[Collected data entries]
━━━━━━━━━━━━━━━━━━━━━━━━━━━━━━
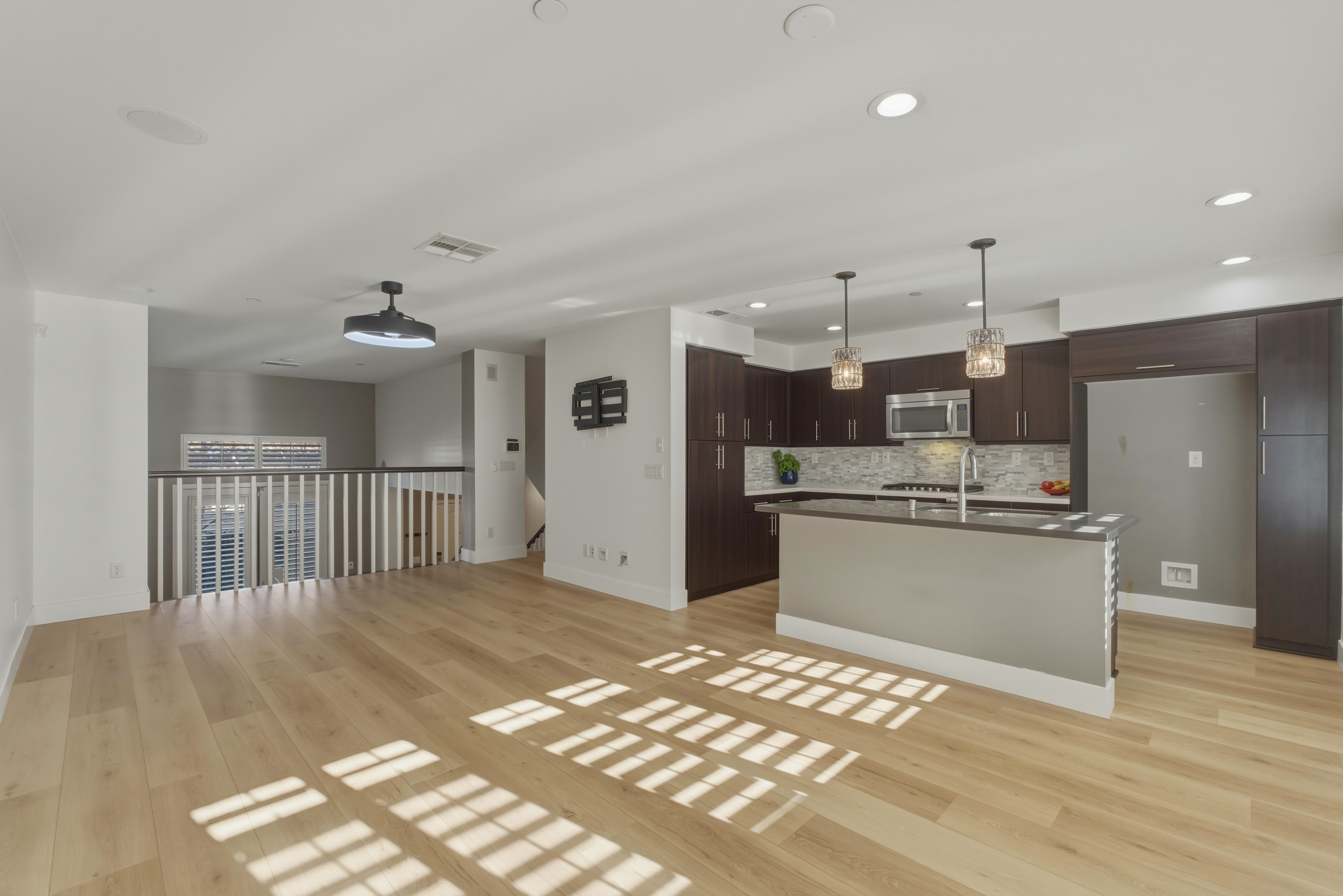 This stylish, contemporary townhome is turn-key and fabulous! 3 Bedrooms, 2.5 Baths, approximately 1500sf. Enter the living room, featuring vaulted ceilings, a fireplace, and double doors leading to the spacious patio. The home offers laminate luxury floors in the living areas, plantation shutters, and designer upgrades throughout. The gourmet kitchen features quartz counters with a stacked stone backsplash, a large island, and Energy Star appliances, including a gas range. The thoughtful floor plan offers multiple living areas, with a large dining area adjacent to the kitchen, a family room, a powder bath, and a separate living room. The spacious primary suite has a walk-in closet with a custom California closet, custom paint throughout, a spacious 2-car garage with epoxy flooring, and a Tesla universal charger.
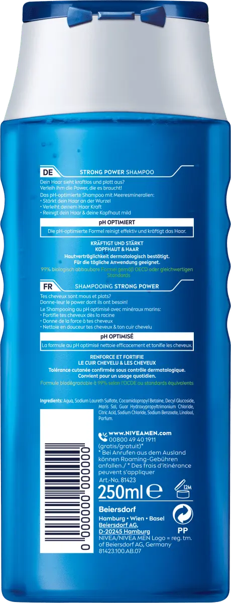 Веганский шампунь NIVEA MEN Strong Power с морскими минералами придает волосам силу и придает слабый вид , плоские волосы. Биоразлагаемая на 99% формула (в соответствии со стандартами ОЭСР или эквивалентными стандартами) с дерматологически подтвержденной совместимостью с кожей и оптимизированным значением pH эффективно очищает и укрепляет кожу головы и волосы. Он также не содержит силиконов и твердых микропластиков, а также водорастворимых, чисто синтетических полимеров (согласно определению ЮНЕП).
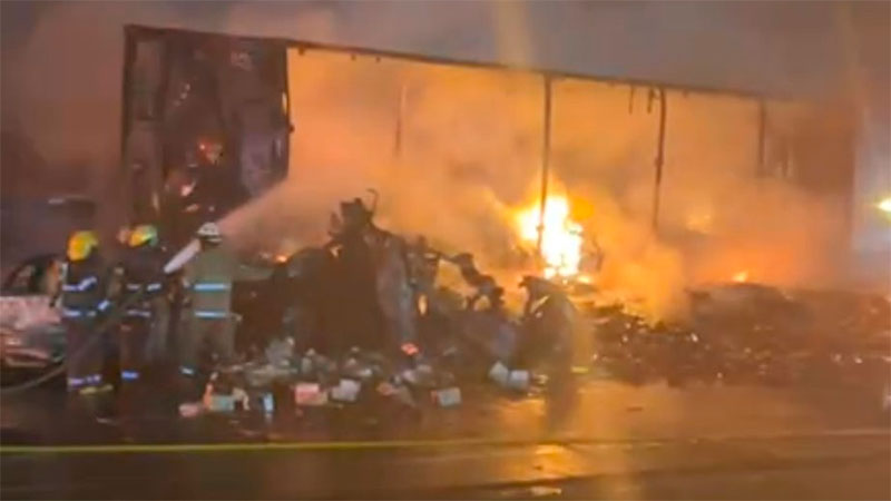 El hecho ocurrió anoche cerca de las 22.30 en el kilómetro 37,5 en sentido a Campana, donde por causas que eran investigadas se produjo el siniestro que involucró a cinco vehículos, uno de los cuales -que transportaba aerosoles- explotó y comenzó a incendiarse, en tanto que el fuego se extendió al resto de los autos, publicó Télam.
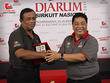 Ketua Umum PB PBSI Djoko Santoso menerima Plakat dari H. Darwan Ali, Ketua Umum Pengprov PBSI Kalteng
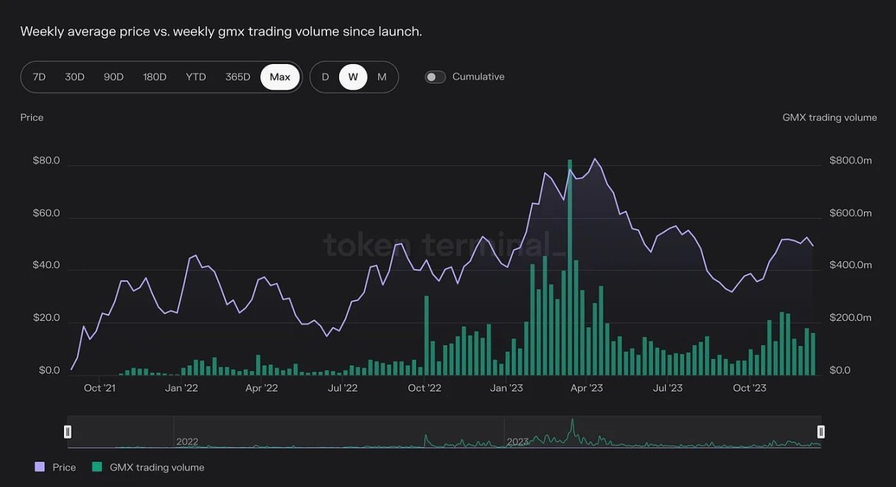 近期,GMX 的整体交易量随着行情整体上涨而有所回升,币价也与其呈现正相关。随着 OKX 钱包通过 GMX 集成增加 50 倍杠杆交易,笔者预计如果行情后续进一步上涨,可能会带来 GMX 链上交易量的上涨,进而促进 GMX 代币的有机上涨。
━━━━━━━━━━━━━━━━━━━━━━━━━━━━━━
**Task requirements**
With pictures omitted, reproduce exactly the lines from the line containing "El hecho ocurrió" through the end of the data above.

**Completed task**
 El hecho ocurrió anoche cerca de las 22.30 en el kilómetro 37,5 en sentido a Campana, donde por causas que eran investigadas se produjo el siniestro que involucró a cinco vehículos, uno de los cuales -que transportaba aerosoles- explotó y comenzó a incendiarse, en tanto que el fuego se extendió al resto de los autos, publicó Télam.
 Ketua Umum PB PBSI Djoko Santoso menerima Plakat dari H. Darwan Ali, Ketua Umum Pengprov PBSI Kalteng
 近期,GMX 的整体交易量随着行情整体上涨而有所回升,币价也与其呈现正相关。随着 OKX 钱包通过 GMX 集成增加 50 倍杠杆交易,笔者预计如果行情后续进一步上涨,可能会带来 GMX 链上交易量的上涨,进而促进 GMX 代币的有机上涨。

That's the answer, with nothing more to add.